Ferner: „Flüchtlingsdebatte in der EU: Steinmeier will Osteuropäern Quoten notfalls aufzwingen„; http://www.spiegel.de/politik/ausland/fluechtlinge-frank-walter-steinmeier-warnt-gegner-einer-quote-a-1053538.html (Hervorhebung, RS).

*3) „Ich sehe, dass Ungarn sich bewegt“. Trotz Tränengas-Einsatz gegen Flüchtlinge: EU-Politiker Brok wirbt um Verständnis für Orban. Samstag, 19.09.2015; von FOCUS-Online-Autorin Ida Haltaufderheide, http://www.focus.de/politik/ausland/eu/ich-sehe-dass-ungarn-sich-bewegt.

Brok äußert in dem Interview auch Verständnis für die historische Dimension osteuropäischer Einstellungen: „Es ist ja bereits Bewegung vorhanden, aber gerade auch in ehemals kommunistisch geprägten Ländern braucht das eben Zeit. Von Polen beispielsweise können wir aufgrund der früheren kommunistischen Prägung durch Isolation und der Geschichte keine 180-Grad-Drehung erwarten. Das kennen wir doch auch ein wenig aus den östlichen Bundesländern. In Dresden finden auch viele Menschen alles, was fremd ist, bedrohlich.“

*4) DTS-Meldung vom 18.09.2015. Flüchtlingskrise: Gabriel warnt vor Überforderung Deutschlands. „Deutschland hilft – aber wer hilft jetzt mal Deutschland“, sagte Gabriel in einem Interview mit der „Bild“-Zeitung (Freitagausgabe).

*5) FLÜCHTLINGE. „Was uns als Einwanderungsland auszeichnet“. Der US-Botschafter in Berlin spricht über den richtigen Umgang mit Flüchtlingen. Und er bestreitet, dass die USA zu wenig für die Menschen aus Syrien tun. Von Mariam Lau, 16. September 2015; http://www.zeit.de/politik/2015-09/fluechtlinge-us-botschafter-emerson-interview.

Nachtrag 20.9.2015. Zu Sigmar Gabriels Forderung: „Mehr Engagement USA!“.

Steinmeier nach Treffen mit Außenminister John Kerry am 20.9.2015: „Die Lage in Syrien ist Pflicht zum Handeln für uns alle.“ (Recht hat er; denn solange IS, Al Kaida, Assad und die Al-Nusra-Front weiter massakrieren, findet die Flucht dort kein Ende, RS).

Presseclub am 20.9.2015: Moderator Volker Herres fragt die fachlich hochkarätig besetzte Experterunde zur Lage in Syrien: Was macht Deutschland?

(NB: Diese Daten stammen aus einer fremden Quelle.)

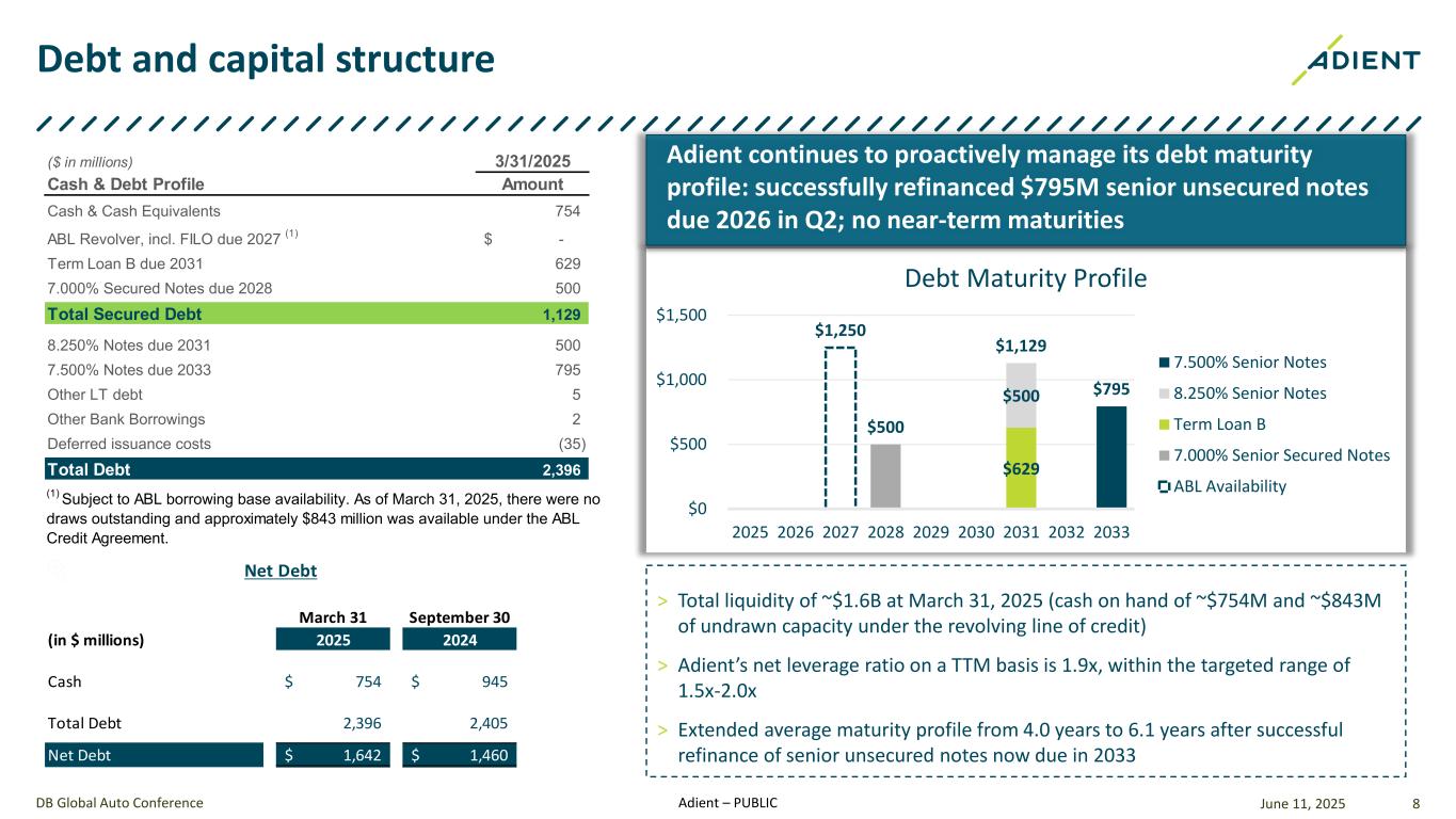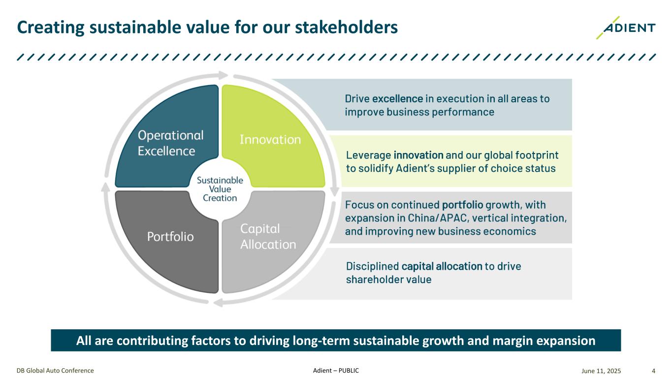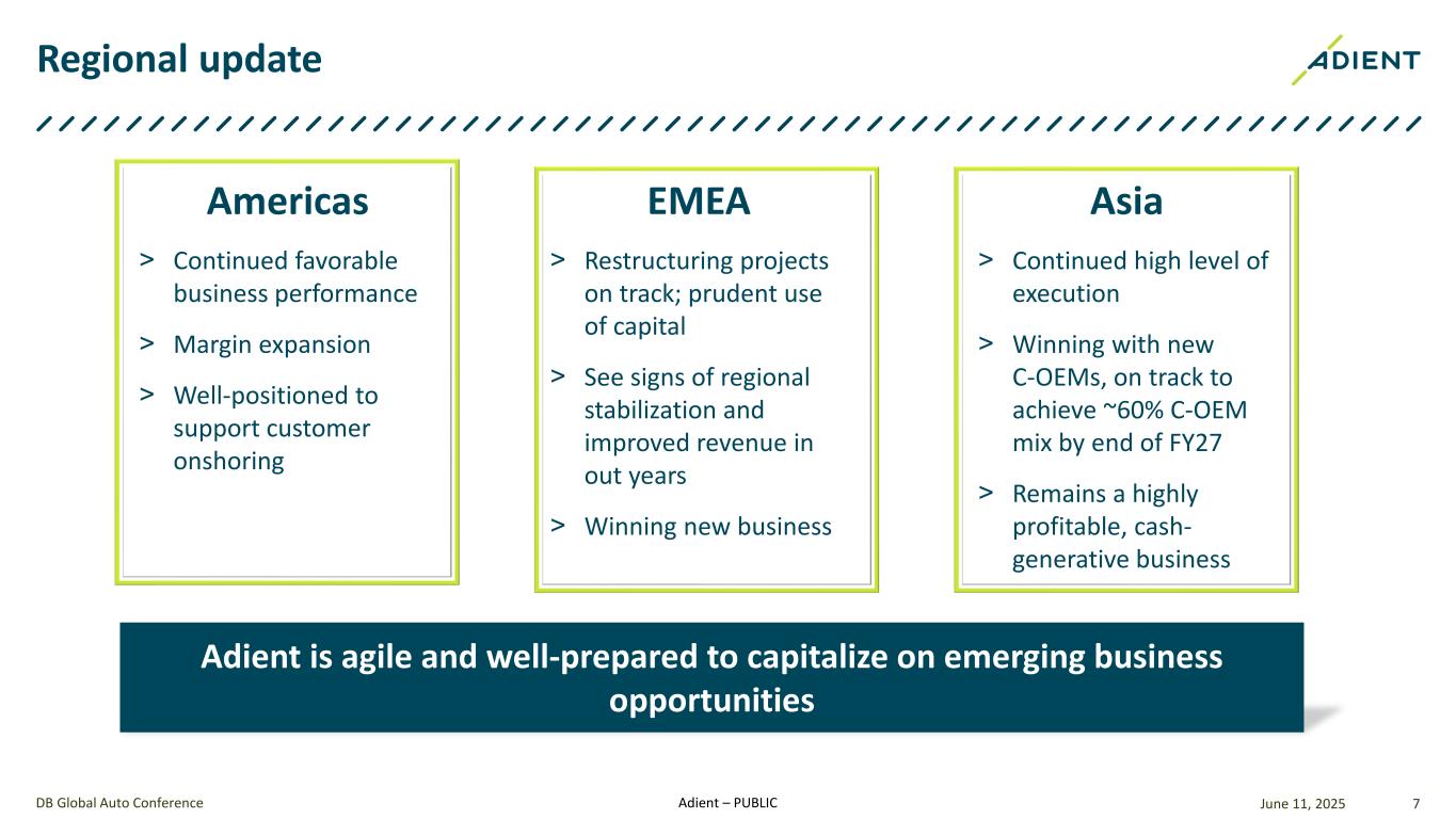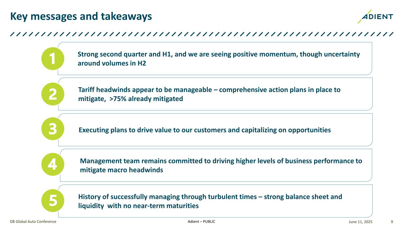 Adient – PUBLIC Important Information Adient has made statements in this document that are forward-looking and, therefore, are subject to risks and uncertainties. All statements in this document other than statements of historical fact are statements that are, or could be, deemed “forward-looking statements” within the meaning of the Private Securities Litigation Reform Act of 1995. In this document, statements regarding Adient’s expectations for its deleveraging activities, the timing, benefits and outcomes of those activities, as well as its future financial position, sales, costs, earnings, cash flows, other measures of results of operations, capital expenditures or debt levels and plans, objectives, market position, outlook, targets, guidance or goals are forward-looking statements. Words such as “may,” “will,” “expect,” “intend,” “estimate,” “anticipate,” “believe,” “should,” “forecast,” “project” or “plan” or terms of similar meaning are also generally intended to identify forward-looking statements. Adient cautions that these statements are subject to numerous important risks, uncertainties, assumptions and other factors, some of which are beyond Adient’s control, that could cause Adient’s actual results to differ materially from those expressed or implied by such forward-looking statements, including, among others, risks related to the effects of local and national economic, credit and capital market conditions (including the persistence of high interest rates, vehicle affordability and volatile currency exchange rates) on the global economy, uncertainties in U.S. administrative policy regarding trade agreements, tariffs and other international trade relations, automotive vehicle production levels, mix and schedules, as well as the concentration of exposure to certain automotive manufacturers, shifts in market shares among vehicles, vehicle segments or away from vehicles on which Adient has significant content, changes in consumer demand, risks associated with Adient’s joint ventures, volatile energy markets, Adient’s ability and timing of customer recoveries for increased input costs, the availability of raw materials and component products (including components required by Adient’s customers for the manufacture of vehicles), geopolitical uncertainties such as the Ukraine and Middle East conflicts and the impact on the regional and global economies and additional pressure on supply chain and vehicle production, the ability of Adient to effectively launch new business at forecast and profitable levels, the ability of Adient to successfully identify suitable opportunities for organic investment and/or acquisitions and to integrate such investments and/or acquisitions; work stoppages, including due to strikes, supply chain disruptions and similar events, wage inflationary pressures due to labor shortages and new labor negotiations, the ability of Adient to execute its restructuring plans and achieve the desired benefit, the ability of Adient to meet debt service requirements and, terms of future financing, the impact of global tax reform legislation, potential adjustment of the value of deferred tax assets, global climate change and related emphasis on sustainability matters by various stakeholders, and the ability of Adient to achieve its sustainability-related goals, cancellation of or changes to commercial arrangements, and the ability of Adient to identify, recruit and retain key leadership. A detailed discussion of risks related to Adient’s business is included in the section entitled “Risk Factors” in Adient’s Annual Report on Form 10-K for the fiscal year ended September 30, 2024 filed with the U.S. Securities and Exchange Commission (the “SEC”) on November 18, 2024, in Adient’s Quarterly Report on Form 10-Q for the fiscal quarter ended March 31, 2025 filed with the SEC on May 7, 2025, and in subsequent reports filed with or furnished to the SEC, available at www.sec.gov. Potential investors and others should consider these factors in evaluating the forward-looking statements and should not place undue reliance on such statements. The forward-looking statements included in this document are made only as of the date of this document, unless otherwise specified, and, except as required by law, Adient assumes no obligation, and disclaims any obligation, to update such statements to reflect events or circumstances occurring after the date of this document. In addition, this document includes certain projections provided by Adient with respect to the anticipated future performance of Adient’s businesses. Such projections reflect various assumptions of Adient’s management concerning the future performance of Adient’s businesses, which may or may not prove to be correct. The actual results may vary from the anticipated results and such variations may be material. Adient does not undertake any obligation to update the projections to reflect events or circumstances or changes in expectations after the date of this document or to reflect the occurrence of subsequent events. No representations or warranties are made as to the accuracy or reasonableness of such assumptions, or the projections based thereon. This document also contains non-GAAP financial information because Adient’s management believes it may assist investors in evaluating Adient’s on-going operations. Adient believes these non-GAAP disclosures provide important supplemental information to management and investors regarding financial and business trends relating to Adient’s financial condition and results of operations. Investors should not consider these non-GAAP measures as alternatives to the related GAAP measures. For complete details and to see reconciliations of non-GAAP measures to their most directly comparable GAAP measures, visit the events section of the Adient investor website at www.investors.adient.com/events-and-present
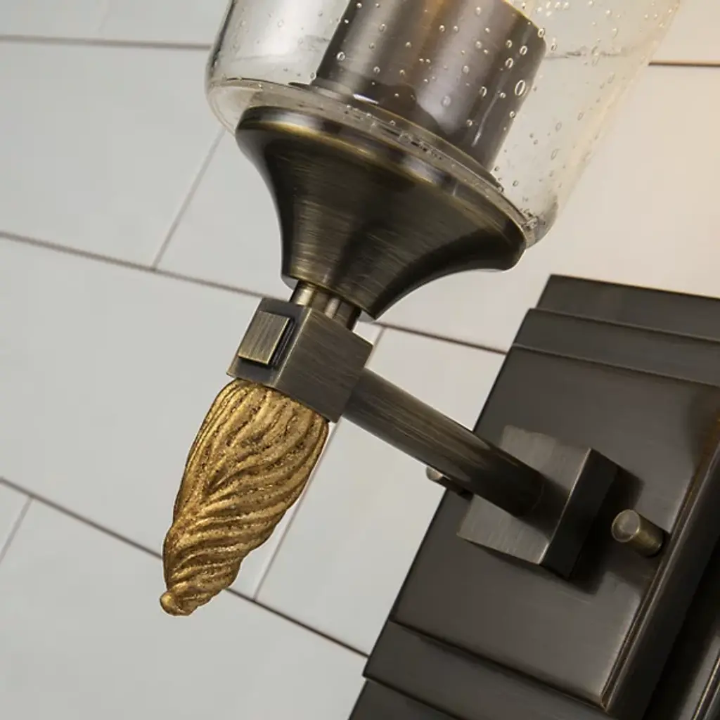 The Vetiver Acorn Finial Wall Sconce by Lucas McKearn brings an ornate design sensibility to your living space. For New Orleanians, the spicy-woodsy scent of Vetiver oil is familiar as well as nostalgic. This sconce creates that feeling of relaxation in your bathroom. This light fixture’s finial will certainly lift the mood. Completed with a clear seeded glass shade.

Kristin Helberg: Herr Steinmeier redet immer über eine politische Lösung. Steinmeier überschätzt die Möglichkeiten der Diplomatie. Steinmeier ist immer nur dabei, „irgendwelche Tische zu organisieren“, an denen sich die Akteure zusammensetzen sollen.

Moderator Herres konstatiert, dass dieser Aussage niemand aus der Runde widerspricht.

Alexander Kudascheff: Ich möchte noch eins draufsetzen. Deutschland wollte vor zwei Jahren mehr Verantwortung übernehmen. Das sehe ich nicht.